Seventeenth-century and especially 18th-century America was notable for the amount of alcoholic beverages consumed, the universality of their use and the high esteem they were accorded. Liquor was food, medicine and social lubricant, and even such a Puritan divine as Cotton Mather called it the "good creature of God." It flowed freely at weddings, christenings and funerals, at the building of churches, the installation of pews and the ordination of ministers.

For example, in 1678 at the funeral of a Boston minister's wife, mourners consumed 51 1/2 gallons of wine (11, p.124); at the ordination of Reverend Edwin Jackson of Woburn, Massachusetts, the guests drank 6 1/2 barrels of cider, along with 25 gallons of wine, 2 gallons of brandy and 4 gallons of rum (12, p.18).

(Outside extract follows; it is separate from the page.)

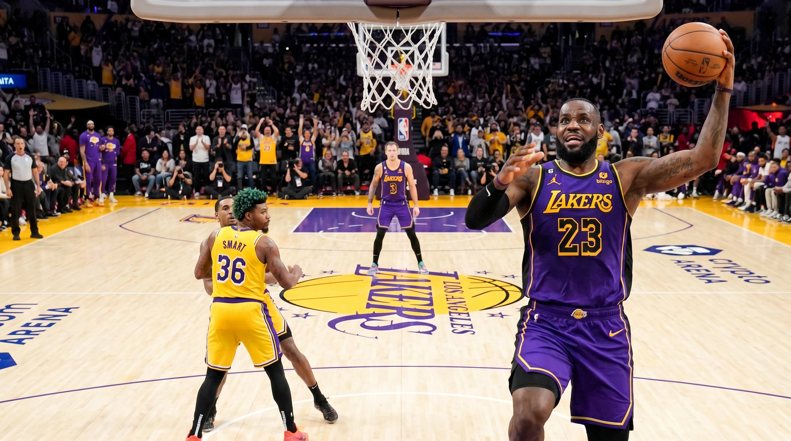 The defining moment of Game 2 arrived in the closing minute. With the Lakers clinging to a precarious lead, James drove to the basket and unleashed a soaring two-handed dunk, extending the advantage to 99-92 with just 55.3 seconds remaining. It was a play that sent the Crypto.com Arena crowd into a frenzy and effectively sealed the victory for Los Angeles.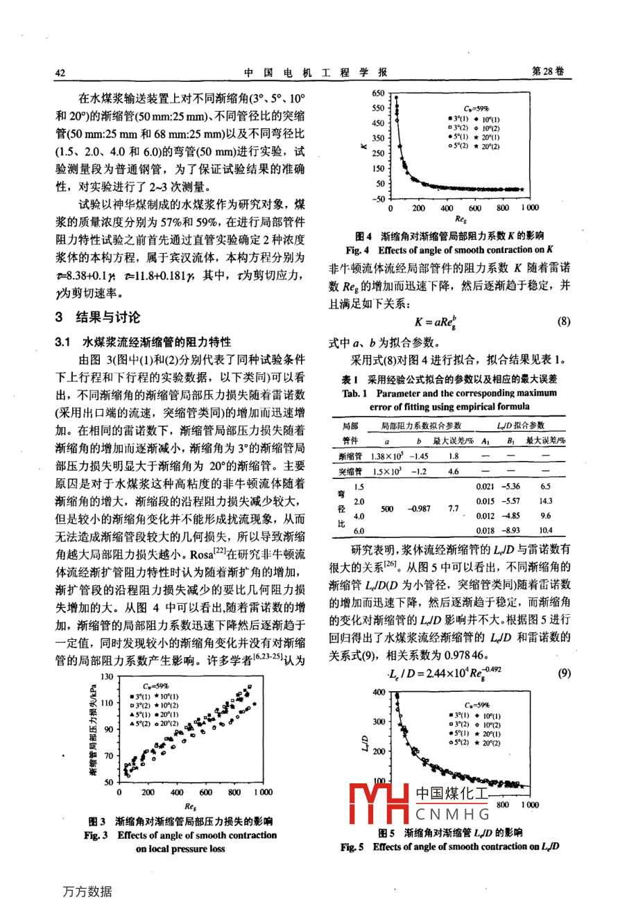 第28卷第26期中國電機工程學報Vol28No26Sep.15,2008008年9月15日@2008 Chin. Soc. for Elec En文章編號:02588013(2008)26004006中圖分類號:O373文獻標志碼:A學科分類號:47020水煤漿流經(jīng)局部管件阻力特性的研究劉猛,陳良勇,段鈺鋒(東南大學熱能工程研究所,江蘇省南京市210096)Research on Resistance Characteristic of Coal-water SlurryFlowing Through the Local FittingsLIU Meng, CHEN Liang-yong, DUAN Yu-feng(Institute of Thermal Power Engineering, Southeast University, NanJing 210096, Jiangsu Province, China)ABSTRACTe The local resistance characteristics of coal-water迅速下降然后逐漸趨于穩(wěn)定,而漸縮管當量長度與管徑的比sumy(cws) nowing through three types of local fittings,值L/D逐漸下降然后趨于穩(wěn)定:突縮管的LD先下降再增namely. the gradual contraction, sudden contraction and90°加,對于彎管的LD則成線性增加horizontal bend, were investigated at a comprehensive關(guān)鍵詞:水煤漿;漸縮管:突縮管:彎管meters such as contract degree, diameter ratio and bend0引言diameter ratio on the local resistance loss of local fittings was水煤漿是一種典型的液固兩相非牛頓流體,也measured. The results show that the local friction loss of是一種很有發(fā)展?jié)摿Φ男滦腿剂?。月前水煤漿的技gradual contraction decreases as the contract degree increases術(shù)研究主要集中在制漿、霧化燃燒、流變特性、觸When the pipe diameter ratio varies a little, the local resistance變性、穩(wěn)定性等方面,但在管道輸送方面尚有許ges insignificantly. There isoptimal value of bend diameter ratio, where the local resistance多問題需要解決,如管道泵的特性,管道阻力的預loss of horizontal bend is least. As Reynolds number increases,測,管道局部裝置流動阻力的計算等等,特別對局the friction loss coefficients of three fittings decline fast at first,部管件中的流動研究甚少,而國外一些學者1對and then gradually tend to be constant values, while the three非牛頓流體流經(jīng)突擴、突縮、彎管、閥門等局部管pipes have different ratio of equivalent length to pipe diameter件的阻力特性做了許多研究,并且提出了一些經(jīng)驗Ld behaviors that is L/d of the gradual contraction decreases公式。但是針對水煤漿這種高粘度(工業(yè)運用要求剪切速率為100s1時表觀粘度低于1200mPa)的非reduces at first and then increases. and that of the horizontal牛頓流體流經(jīng)局部管件阻力特性的研究并不多見,bend increases linearly所以開展水煤漿流經(jīng)局部管件阻力特性的研究對KEY WORDS: coal-water slurry: gradual contraction; sudden水煤漿管道輸送的工業(yè)應用和設(shè)計有重要意義contraction: bend為了擴大氣化爐的單爐容量,H前國內(nèi)外較多摘要:在水煤漿綜合輸送試驗臺研究了水煤漿流經(jīng)漸縮地采用多噴嘴對置工藝,但是在多噴嘴對置撞擊流管、突縮管以及90°水平彎管的局部阻力特性,分析了漸縮中存在著一個很重要的現(xiàn)象就是撞擊面的偏移現(xiàn)角、管徑比以及彎徑比對上述局部管件阻力損失的影響結(jié)象。許多學者1214在研究兩噴嘴對置撞擊流時都發(fā)表明,增加漸縮角使得漸縮管的局部阻力損失減少;較小現(xiàn)了撞擊面與軸線的幾何中心不重合,而撞擊面的的管徑比變化對突縮管的局部阻力損失沒有較大影響:存在個最佳彎徑比,使得水平彎管的局部阻力損失最小。隨著偏移對多噴嘴氣化爐的燃燒效率以及維修等都造雷諾數(shù)的增加,漸縮管、突縮管以及水平彎管的阻力系數(shù)先成了不利的影響S。許建良等人通過實驗證實了中國煤化工嘴對置撞擊面發(fā)生基金項目:國家重點基礎(chǔ)研究發(fā)展計劃項目(93項目200C0較CNMHG相等的一個重要原217701)因就是漿體在流經(jīng)噴嘴乙麗的管道時阻力損失不The National Basic Research Program of China (973 Program2004CB217701)均衡,使得噴嘴的動量不相等,從而導致了在撞擊第26期劉猛等:水煤漿流經(jīng)局部管件阻力特性的研究面上沖量的不平衡,但是月前國內(nèi)外對煤漿流經(jīng)式中:O為彎管所對應的角度:R為彎管的彎曲半各種局部管件阻力損失均衡的研究還不多見。本文徑;D為圓管直徑。對于彎管阻力系數(shù)采用了Ks,詳細研究了水煤漿流經(jīng)漸縮管、突縮管和彎管的局則由式(3)和(4可得下式612部阻力損失,同時探討了局部管件與直管之間阻力Keel=k-ne損失均衡的規(guī)律。1理論分析Chasin18、 boger19、 Spedding22等人采用與局部管件阻力損失相等的管徑為D、長度為L的直如圖1所示,水煤漿流經(jīng)局部管件的壓力損失管沿程阻力損失來研究非牛頓流體流經(jīng)局部管件△Pua主要包括3個部分:的阻力特性,把局部管件阻力損失與直管阻力損失P()相聯(lián)系。據(jù)L的定義和式(2),通過下式可得到L式中:△P為局部管件對上游流動造成的損失△Pha為流體流經(jīng)局部管件段所產(chǎn)生的損失,包括了與局部管件實際長度相等的沿程阻力損失APsTurian認為局部管件的L不僅與管件的幾何以及管件自身所產(chǎn)生的幾何損失△Po:APn為局尺寸和雷諾數(shù)有關(guān),還和漿體的流變特性以及管道部管件對下游流動造成的損失。通過下式可以得到的粗糙度有關(guān):L /D=K/(4f)式中∫為范寧摩擦系數(shù),戶=16RegP1=AP-△P-AP,=△P2試驗系統(tǒng)以及方法22對本所原有的水煤漿輸送裝置進行改造,如圖式中:△P;和△P2分別為局部管件前后穩(wěn)定段的沿2所示,水煤漿輸送測量裝置主要包括攪拌裝置、程阻力損失:L1和L2

Heavy drinking was also part of special occasions like corn huskings, barn raisings, court and meeting days, and especially militia training days. Workers received a daily allotment of rum, and certain days were set aside for drunken bouts; in some cases, employers paid for the liquor. The tavern was a key institution in every town, the center of social and political life, and all varieties of drink were available.

Americans drank wine, beer, cider and distilled spirits, especially rum. They drank at home, at work and while traveling; they drank morning, noon and night. And they got drunk (13-17).

During the colonial period most people were not concerned with drunkenness; it was neither especially troublesome nor stigmatized behavior. Even the young Benjamin Rush (18, p.22), when still urging moderation in 1772, noted how common and acceptable drunkenness was.

"Why all this noise about wine and strong drink," he wrote, anticipating his readers' complaints. "Have we not seen hundreds who have made it a constant practice to get drunk almost everyday for thirty or forty years, who, not withstanding, arrived to a great age, and enjoyed the same good health as those who have followed the strictest rules of temperance?"

Rush was willing to grant that there were indeed "some instances of this kind." In his rich and thorough study of early American drinking practices, Rorabaugh (13, Chapter 2 ) concluded that "to most colonial Americans inebriation was of no particular importance. William Byrd, for example, noted with equal indifference intoxication among members of the Governor's Council and his own servants."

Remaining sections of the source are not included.